Friday, December 27, 2013

Urban Exploration - Kings Cross Central Development - London

 I'll be spending a few days in London in January. One of the things I always do when I'm there is explore an area that I don't know very well, usually with my good friend Geoff. This year we will be visiting the King's Cross Central Development just north of the King's Cross and St. Pancras railway stations. 

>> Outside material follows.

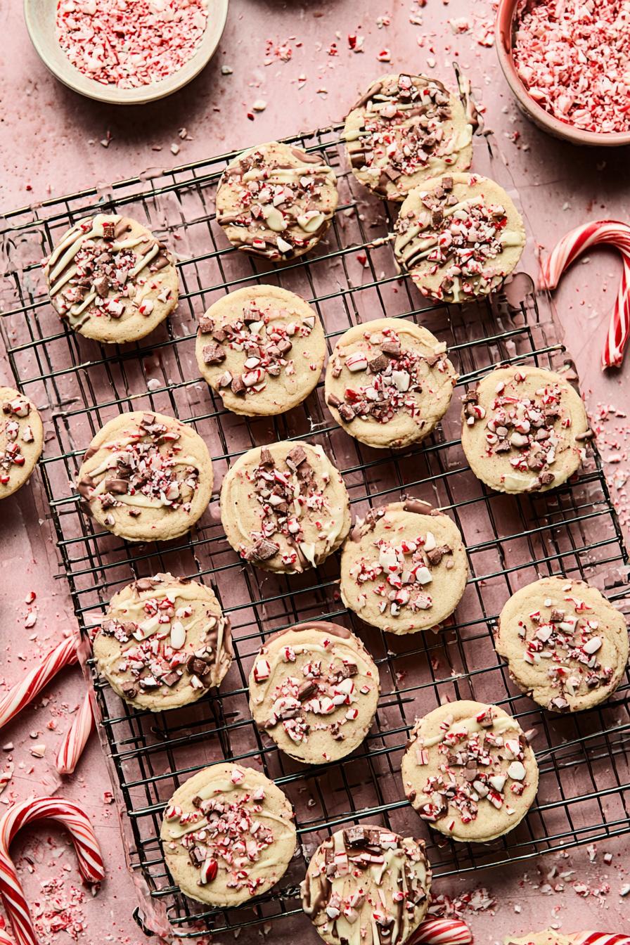Biscoitos com sabor de chocolate intenso e toque de hortelã, cobertos com buttercream branco e pedaços de peppermint bark. A massa combina cacau, café em pó e um leve crocante do amido de milho, garantindo textura aveludada. O recheio traz uma mistura rica de manteiga batida com chocolate branco derretido e gengibre como toque surpresa, contrastando com a doçura e frescor das balas de menta. Indicados para ocasiões especiais em que um docinho fora do comum faz diferença.

When we first explored this area several years ago we knew that it was was part of a major re-development plan which would bring drastic changes. At that time the area was a wasteland: elevated rail lines on rusting steel supports ran over old brick arches which housed all kinds of abandoned spaces. Large empty warehouses and the Victorian gasometer No 8 loomed over the overgrown sections of the Regents Canal in which we spotted turtles. The area was very edgy.

Here are some of my photos and sketches from that first visit. I'm looking forward to seeing how things look now. Stay posted.

New Painting

Pier 64 No 3. 36" x 48". Collage, mixed media and oil on wood panel.
After the disruption of moving home I finally got back into my studio and have been able to focus on a commission piece for a local client. As soon as I started mixing colors all the stress of the previous month just melted away! 
The painting is one of a series on which I am working based on an old pier on the West side of Manhattan which I drew and photographed several years ago. The pier is now gone, replaced by a waterside park.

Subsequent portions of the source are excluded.